Kendrick Lamar “To Pimp A Butterfly” (2015)

     Returning today to the world of hip-hop, we have the next release from Kendrick Lamar, “To Pimp a Butterfly”.  Lamar is probably the most highly regarded hip-hop artist of the last decade, with each release coming with great expectations and anticipation.  To his large core fanbase, this album was a major success, and it was also a critically acclaimed album, coming in at #19 on Rolling Stone’s Top 500 Greatest Albums of All Time.

     As I listened to this record several times, I was challenged and confronted with a complicated reality.  There is only one song on this album that comes across with even a hint of pop sensibility or infectious hooks, and that is the first single, “i”.  Perfectly incorporating a sample from “That Lady” by the Isley Brothers, I embraced this song several years ago as my favorite Kendrick Lamar song.  The MC work is stellar, and this song runs at a pace that truly showcases his talent as a performer.

     While there were other highlights along the way, I find myself looking at this record the same way as I do with a Miles Davis jazz album, and that isn’t just because there is a lot of jazz feel to this record.  What I believe it reflects is that I can tell this intellectual and spiritual delivery is somehow more than I can fully process, as if I’m not smart enough, sophisticated enough, or capable enough of connecting on this higher plane with Lamar.  I mean that with 100% sincerity and authenticity.  The incorporation of the recurring and building spoken word (“I remember you was conflicted, misusing your influence, sometimes I did the same…”) helps amplify Lamar’s struggles with temptation, and the overall theme of this record moves at a dizzying pace as Lamar drops intense story after intense story.

     Among the most impactful tracks were me included the opener “Wesley’s Theory”, which kicks off with some George Clinton woven in.  “King Kunta” is another powerful song, embedding both Michael Jackson and James Brown in his own inimitable style.  I loved Snoop Dogg’s low-key delivery on “Institutionalized”, and “Alright”, with help from Pharell Williams, is another of the high points on this record.  “Hood Politics” opens with a Steely Dan-esque vibe that I would have loved to see extend through the song, but unfortunately it went in a more abrasive direction, which probably makes sense given the title and theme of the song.

     “The Blacker the Berry” shares a title with a Harlem renaissance novel, and I will confess it also had me fondly recalling a similar line from the song “Run and Tell That”, one of the very best musical theater songs I have ever seen, as presented in Hairspray.    The message and meaning of this song were even more direct and timely.  Lamar’s delivery is thunderous on this track, as he is joined by Assassin and Lalah Hathaway, and it references the murder of Trayvon Martin, a racially motivated killing that happened just miles away from where my own son went to high school.

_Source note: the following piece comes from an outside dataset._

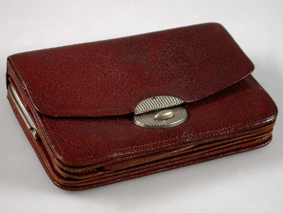 Deze lederen portemonnee komt uit het bezit van de Amsterdamse architect Abraham Salm (1857-1915). Samen met zijn vader Gerlof Bartholomeus Salm (1831-1897) heeft Abraham een grote bijdrage geleverd aan de stedenbouwkundige veranderingen in Amsterdam in de tweede helft van de negentiende eeuw. Waar G.B. Salms naam onlosmakelijk verbonden is met de bouw van Artis in de Plantage, staat zoon Abraham vooral bekend om zijn herenhuizen, stadsvilla’s, (sigaren)fabrieken en paardentramremises, aanvankelijk in classicistische, later in meer historiserende eclectische stijl. Daarnaast ontwierp hij ook interieuronderdelen. Deze portemonnee is afkomstig uit het door A. Salm ontworpen huis aan de Weesperzijde 26, waar hij zelf woonde en werkte. ( Sarah Remmerts de Vries)

It isn’t lost on me, ten years after that murder, that he and Martin were essentially the same age.

     For all these moments of greatness, there are other tracks I just can’t quite latch on to, and there is nothing wrong with that.  I can’t even begin to comprehend the world Lamar grew up in coming from Compton, so I’m not shocked that songs like “For Free? Interlude” and “u” leave me a bit bewildered.  They are not easy listens, and frankly just above my ability to comprehend, not unlike a Miles Davis masterpiece.

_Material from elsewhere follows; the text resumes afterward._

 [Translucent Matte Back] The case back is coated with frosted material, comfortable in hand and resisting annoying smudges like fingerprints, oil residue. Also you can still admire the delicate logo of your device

     I had to make sure I invested the time and effort to go as far as I could with this one.  Not only is it one of the most influential and highly regarded albums of the last ten years, but it is also an all-time favorite of my son, and I owed it to him (and myself) to do my very best on this record.  I’m glad I was able to build on my enthusiasm for “i” with several other impressive songs and gain a much greater understanding of Kendrick Lamar along the way.